[Records excerpted from a collection]
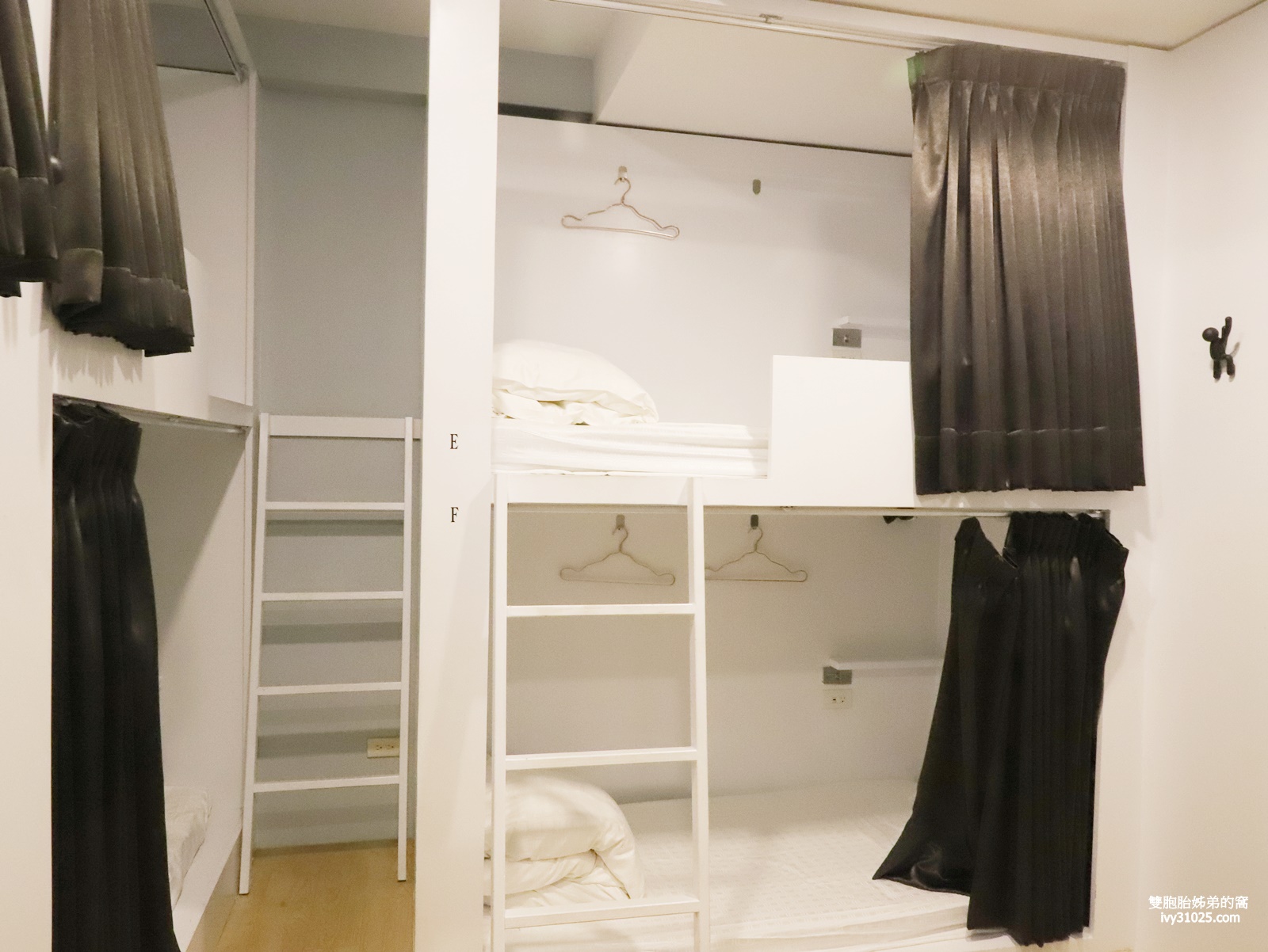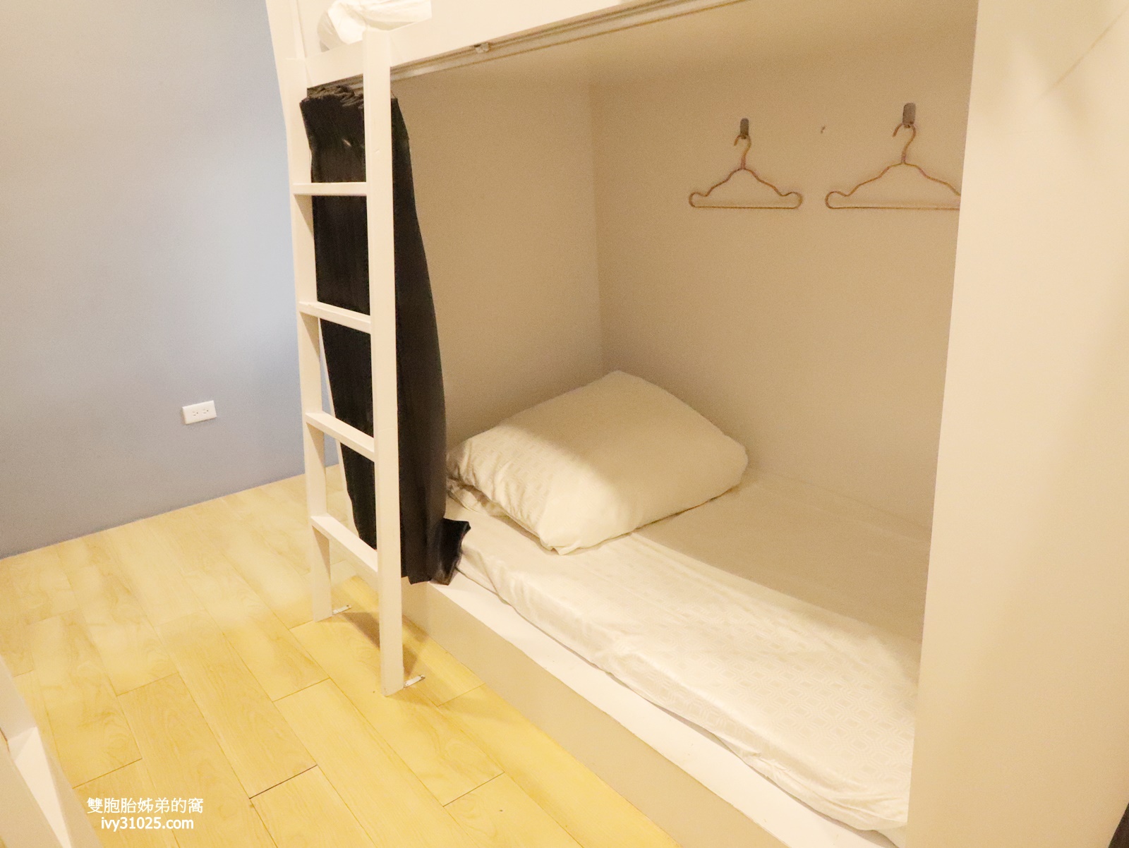 也有一字型走道的背包客棧房型,每床的床邊都有附上一個小的閱讀燈。
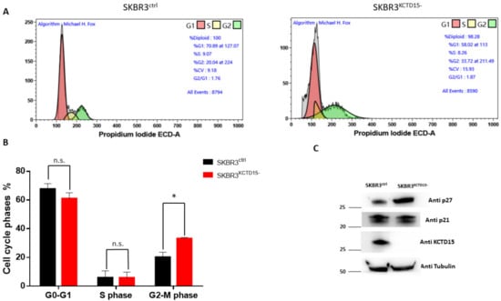KCTD15 silencing causes the G2 m alteration of the SKBR3 cell cycle. (A) Flow cytometry analysis of the cell cycle distribution in SKBR3ctrl (left) and SKBR3KCTD15− (right) cells after 72 h of active growth. (B) Histogram representation of cell cycle phase percentage, derived from three independent experiments. * = p < 0.05 Mann–Whitney t-test. Error bars indicate standard deviation. (C) Western blot of p21, p27, KCTD15 and Tubulin in SKBR3ctrl (left) and SKBR3KCTD15− (right) cell extracts after 72 h of active growth. Numbers represent protein marker expressed in kDa. Western blot was repeated twice with similar results.
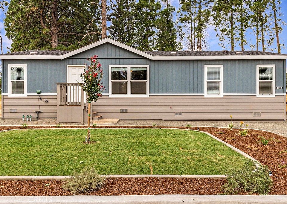 Wow! Take a look at this 2-Bedroom, 2-Bath Home PLUS bonus room offering 1,296+/-SqFt on a nicely useable .33-Acre parcel near the Feather River Canyon in Paradise! You’ll love this floorplan with a large, open great room in the center of the home, with a spacious primary suite on one side of the home, and a den, office or bonus room and a nicely appointed guest bedroom on the other side. The upgraded kitchen offers attractive cabinetry, black appliances with 5-burner gas range, island with bar seating, corner sink, dining area and lovely views of the yard. Tall ceilings, crown molding & Ecobee thermostat also add a touch of luxury to the home, separate laundry room with utility sink & room for a freezer. Nicely landscaped front yard with territorial views, wood fencing and even some majestic mature trees in the yard. This great home also offers great energy efficiency with R33 Attic, R22 Wall and R11 insulation in the flooring for additional energy savings. Be sure not to miss all the great Recreational opportunities in the area including lakes, hiking, biking, fishing, ATV and dirt-bike riding, canoeing, kayaking and much more! Take a look at this tremendous property and you may decide to call this one HOME!
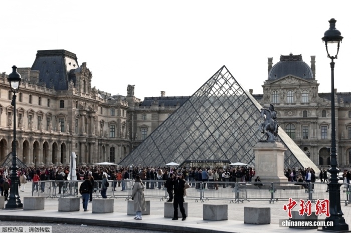 當(dāng)?shù)貢r間10月22日,在經(jīng)歷了搶劫事件三天后,法國盧浮宮重新開門,供游客參觀。圖為游客在盧浮宮外排隊。
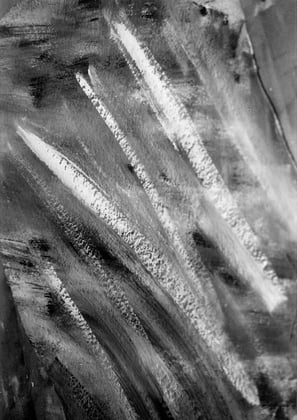 This powder is bound with resin, spread on the canvas and rhythmically structured.
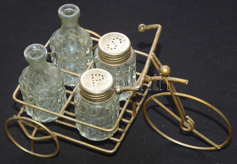 Leírás: 4 darabos sószóró szett réz tricikli alakú tartóban 22x13x14cm
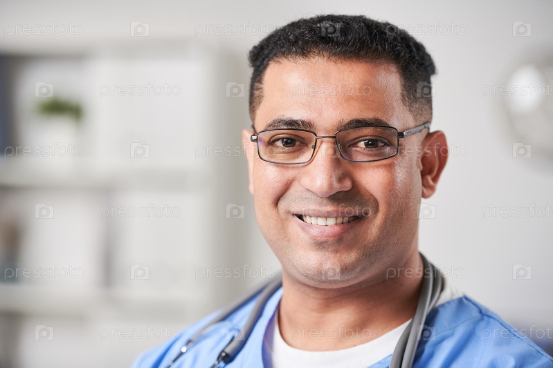 Горизонтальный крупный портрет радостного молодого взрослого врача общей практики Ближнего Востока, который носит очки и смотрит на камеру, улыбается, копирует пространство
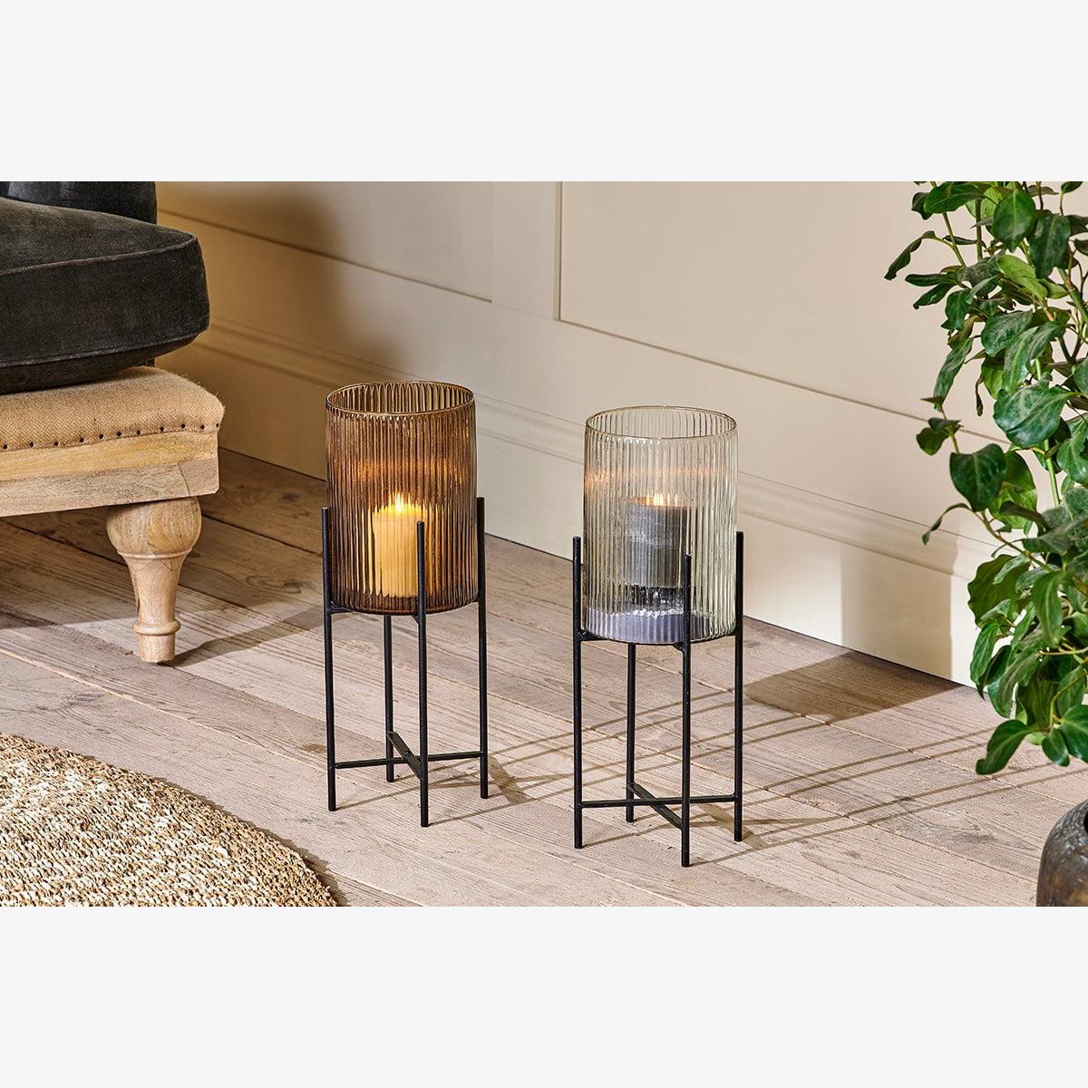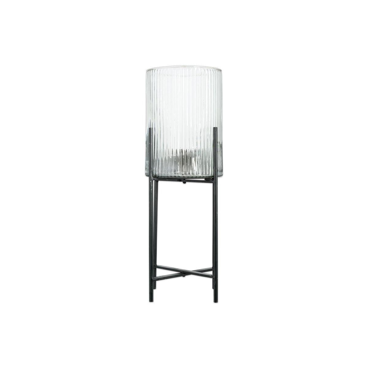 Set an ambient mood with the Eskaya standing glass lantern. The ribbed glass finish on this cylindrical shaped lantern gently filters the candlelight. The simple black stand elevates the lantern to create more impact. The Eskaya standing lantern is the ideal piece to light up a dark corner in a room or transport it outside on warmer evenings and add some soft lighting to an alfresco scene. The Eskaya standing lantern is crafted from recycled glass and has clear glass finish.
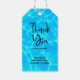 Geschenketiketten mit einem Foto von klarem, blauem Wasser des Beckens, mit schimmernden Reflexionen.
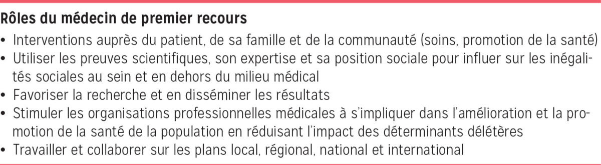 • Les médecins de premier recours sont idéalement placés pour saisir les réalités sociales et sanitaires, et peuvent utiliser leur position sociale pour influer sur les inégalités sociales.
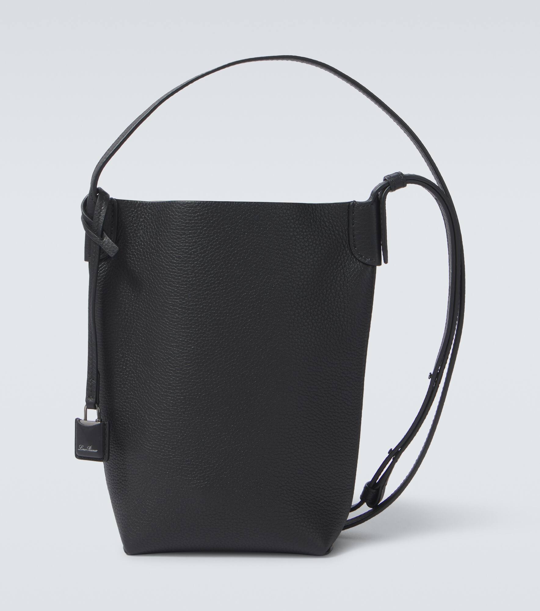 Product Details - Material: leather - Lining: unlined - Made in Italy - Designer color name: Black/ Gun Metal - Shoulder strap - Item number: P00950739 Size & Fit - Height 22cm-8.5" - Max. width 19cm-7.5" - Max. depth 6cm-2.5" - Min. length shoulder strap 102cm-40" - Max. length shoulder strap 126cm-49.5" - Suitable for large smartphones (e.g. iPhone 12 Pro Max / Samsung Galaxy A72, S21 Ultra/ Huawei P40 Pro, Mate 40 pro)
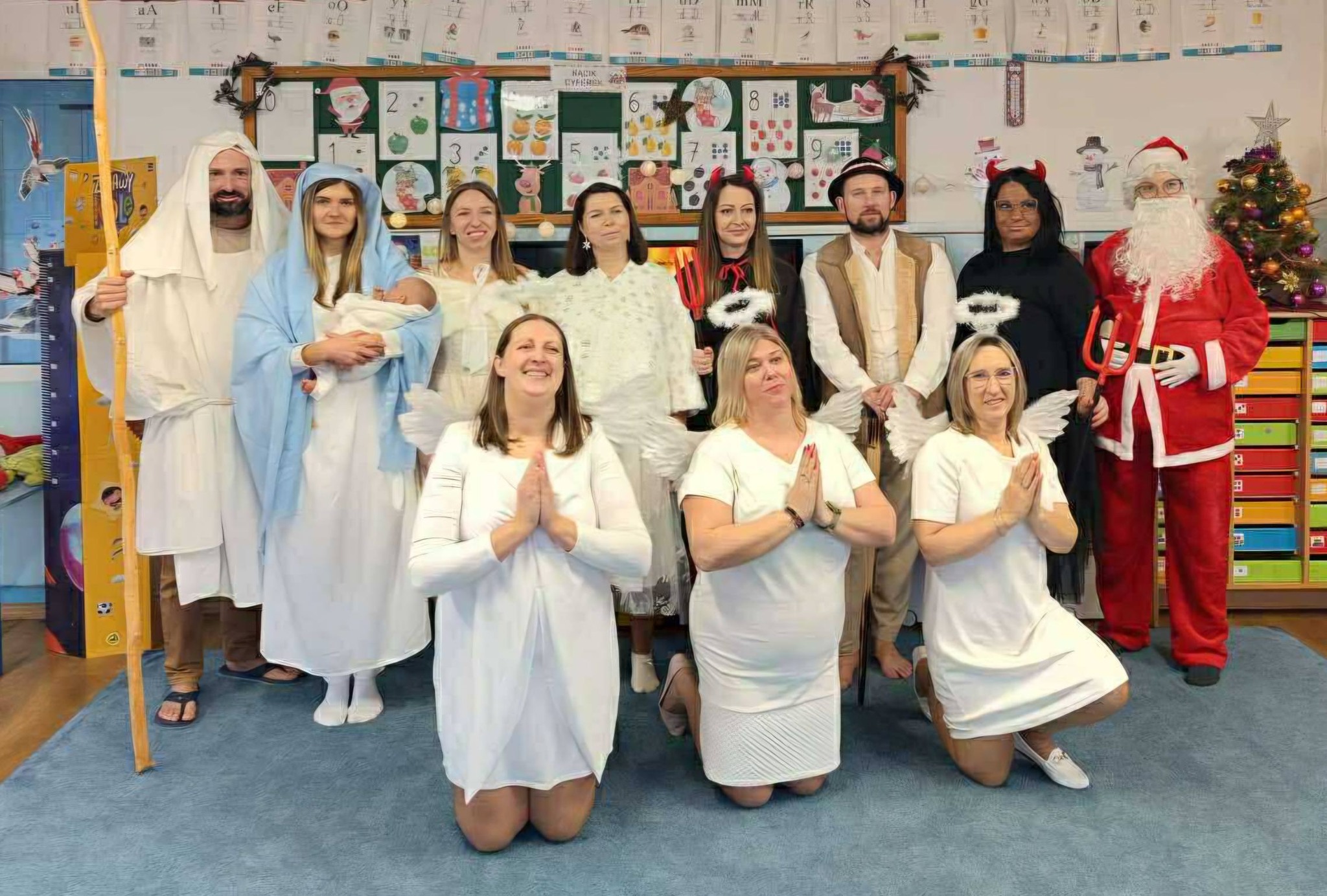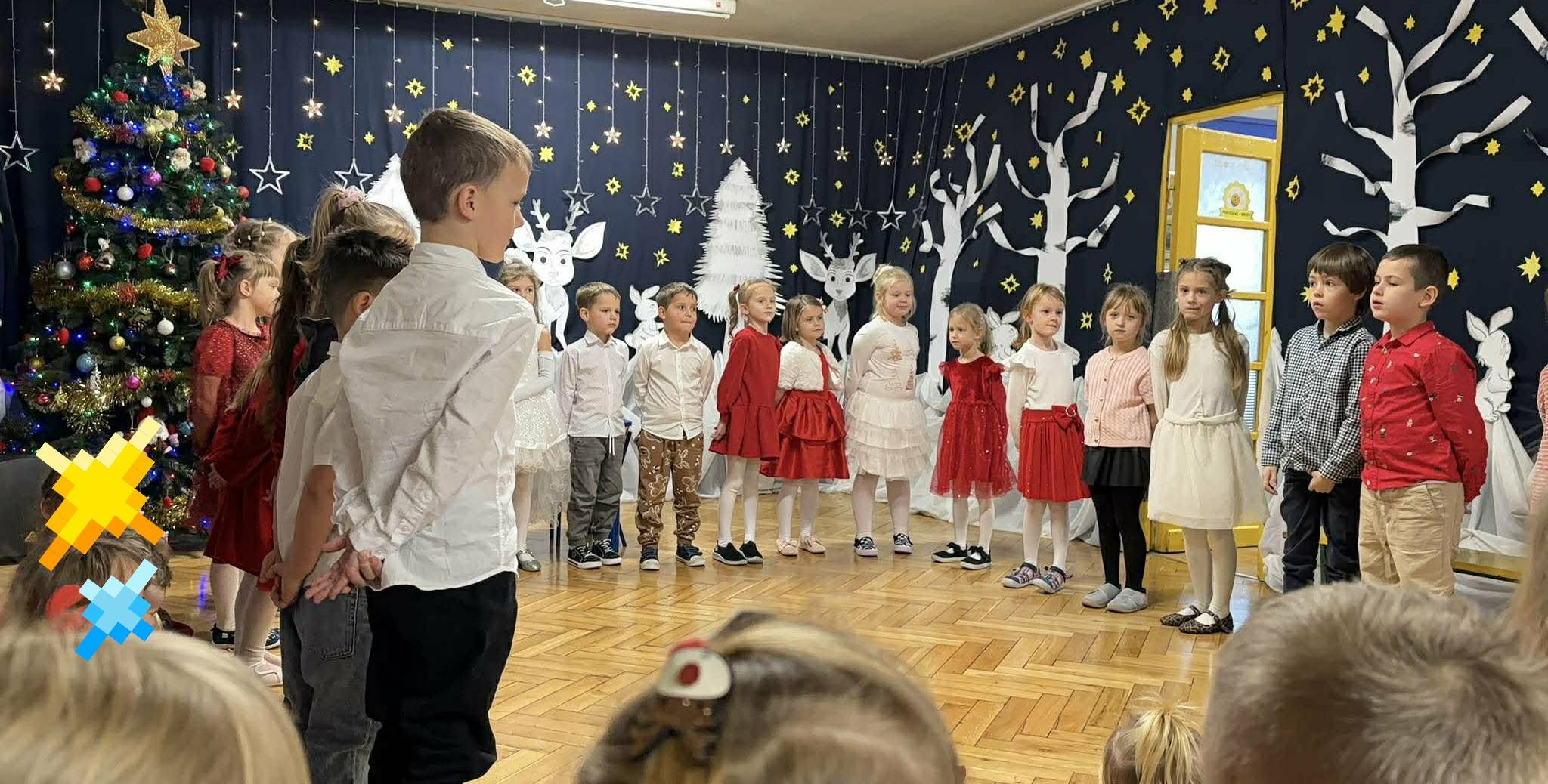 18 grudnia w naszym przedszkolu odbyła się wyjątkowa uroczystość choinkowa, która na długo pozostanie w pamięci dzieci, rodziców oraz nauczycieli. Tegoroczne spotkanie różniło się od tych z poprzednich lat, ponieważ w rolę artystów wcielili się… Rodzice! Rodzice przedszkolaków przygotowali piękne przedstawienie jasełkowe pt. „Kłopoty Pierwszej Gwiazdki”. Występ dostarczył widzom wielu wzruszeń, radości i uśmiechu, a jego świąteczne przesłanie wprowadziło wszystkich w wyjątkowy bożonarodzeniowy nastrój. Dzieci z ogromnym zainteresowaniem oglądały swoich najbliższych na scenie, nagradzając ich gromkimi brawami. Uroczystość uświetniły także przedszkolaki, które włączyły się w program artystyczny, śpiewając świąteczne piosenki oraz kolędy. Po zakończeniu części artystycznej dzieci wraz z rodzicami i bliskimi udały się do sal na wigilie klasowe. Był to wyjątkowy czas pełen ciepła i bliskości – składano sobie świąteczne życzenia, dzielono się opłatkiem oraz celebrowano wspólnie ten szczególny moment. Przedszkolaki wręczyły rodzicom własnoręcznie przygotowane upominki, wyrażając w ten sposób swoją wdzięczność i miłość. Spotkanie zakończyło się wspólnym poczęstunkiem, rozmowami i radosnym spędzaniem czasu w rodzinnej atmosferze. Uroczystość choinkowa stała się pięknym wprowadzeniem w nadchodzące Święta Bożego Narodzenia.

→ **What you have to do**
Once the pictures are set aside, the remaining data must be transcribed exactly.

→ **Task result**
 也有一字型走道的背包客棧房型,每床的床邊都有附上一個小的閱讀燈。
KCTD15 silencing causes the G2 m alteration of the SKBR3 cell cycle. (A) Flow cytometry analysis of the cell cycle distribution in SKBR3ctrl (left) and SKBR3KCTD15− (right) cells after 72 h of active growth. (B) Histogram representation of cell cycle phase percentage, derived from three independent experiments. * = p < 0.05 Mann–Whitney t-test. Error bars indicate standard deviation. (C) Western blot of p21, p27, KCTD15 and Tubulin in SKBR3ctrl (left) and SKBR3KCTD15− (right) cell extracts after 72 h of active growth. Numbers represent protein marker expressed in kDa. Western blot was repeated twice with similar results.
 Wow! Take a look at this 2-Bedroom, 2-Bath Home PLUS bonus room offering 1,296+/-SqFt on a nicely useable .33-Acre parcel near the Feather River Canyon in Paradise! You’ll love this floorplan with a large, open great room in the center of the home, with a spacious primary suite on one side of the home, and a den, office or bonus room and a nicely appointed guest bedroom on the other side. The upgraded kitchen offers attractive cabinetry, black appliances with 5-burner gas range, island with bar seating, corner sink, dining area and lovely views of the yard. Tall ceilings, crown molding & Ecobee thermostat also add a touch of luxury to the home, separate laundry room with utility sink & room for a freezer. Nicely landscaped front yard with territorial views, wood fencing and even some majestic mature trees in the yard. This great home also offers great energy efficiency with R33 Attic, R22 Wall and R11 insulation in the flooring for additional energy savings. Be sure not to miss all the great Recreational opportunities in the area including lakes, hiking, biking, fishing, ATV and dirt-bike riding, canoeing, kayaking and much more! Take a look at this tremendous property and you may decide to call this one HOME!
 當(dāng)?shù)貢r間10月22日,在經(jīng)歷了搶劫事件三天后,法國盧浮宮重新開門,供游客參觀。圖為游客在盧浮宮外排隊。
 This powder is bound with resin, spread on the canvas and rhythmically structured.
 Leírás: 4 darabos sószóró szett réz tricikli alakú tartóban 22x13x14cm
 Горизонтальный крупный портрет радостного молодого взрослого врача общей практики Ближнего Востока, который носит очки и смотрит на камеру, улыбается, копирует пространство
 Set an ambient mood with the Eskaya standing glass lantern. The ribbed glass finish on this cylindrical shaped lantern gently filters the candlelight. The simple black stand elevates the lantern to create more impact. The Eskaya standing lantern is the ideal piece to light up a dark corner in a room or transport it outside on warmer evenings and add some soft lighting to an alfresco scene. The Eskaya standing lantern is crafted from recycled glass and has clear glass finish.
 Geschenketiketten mit einem Foto von klarem, blauem Wasser des Beckens, mit schimmernden Reflexionen.
 • Les médecins de premier recours sont idéalement placés pour saisir les réalités sociales et sanitaires, et peuvent utiliser leur position sociale pour influer sur les inégalités sociales.
 Product Details - Material: leather - Lining: unlined - Made in Italy - Designer color name: Black/ Gun Metal - Shoulder strap - Item number: P00950739 Size & Fit - Height 22cm-8.5" - Max. width 19cm-7.5" - Max. depth 6cm-2.5" - Min. length shoulder strap 102cm-40" - Max. length shoulder strap 126cm-49.5" - Suitable for large smartphones (e.g. iPhone 12 Pro Max / Samsung Galaxy A72, S21 Ultra/ Huawei P40 Pro, Mate 40 pro)
 18 grudnia w naszym przedszkolu odbyła się wyjątkowa uroczystość choinkowa, która na długo pozostanie w pamięci dzieci, rodziców oraz nauczycieli. Tegoroczne spotkanie różniło się od tych z poprzednich lat, ponieważ w rolę artystów wcielili się… Rodzice! Rodzice przedszkolaków przygotowali piękne przedstawienie jasełkowe pt. „Kłopoty Pierwszej Gwiazdki”. Występ dostarczył widzom wielu wzruszeń, radości i uśmiechu, a jego świąteczne przesłanie wprowadziło wszystkich w wyjątkowy bożonarodzeniowy nastrój. Dzieci z ogromnym zainteresowaniem oglądały swoich najbliższych na scenie, nagradzając ich gromkimi brawami. Uroczystość uświetniły także przedszkolaki, które włączyły się w program artystyczny, śpiewając świąteczne piosenki oraz kolędy. Po zakończeniu części artystycznej dzieci wraz z rodzicami i bliskimi udały się do sal na wigilie klasowe. Był to wyjątkowy czas pełen ciepła i bliskości – składano sobie świąteczne życzenia, dzielono się opłatkiem oraz celebrowano wspólnie ten szczególny moment. Przedszkolaki wręczyły rodzicom własnoręcznie przygotowane upominki, wyrażając w ten sposób swoją wdzięczność i miłość. Spotkanie zakończyło się wspólnym poczęstunkiem, rozmowami i radosnym spędzaniem czasu w rodzinnej atmosferze. Uroczystość choinkowa stała się pięknym wprowadzeniem w nadchodzące Święta Bożego Narodzenia.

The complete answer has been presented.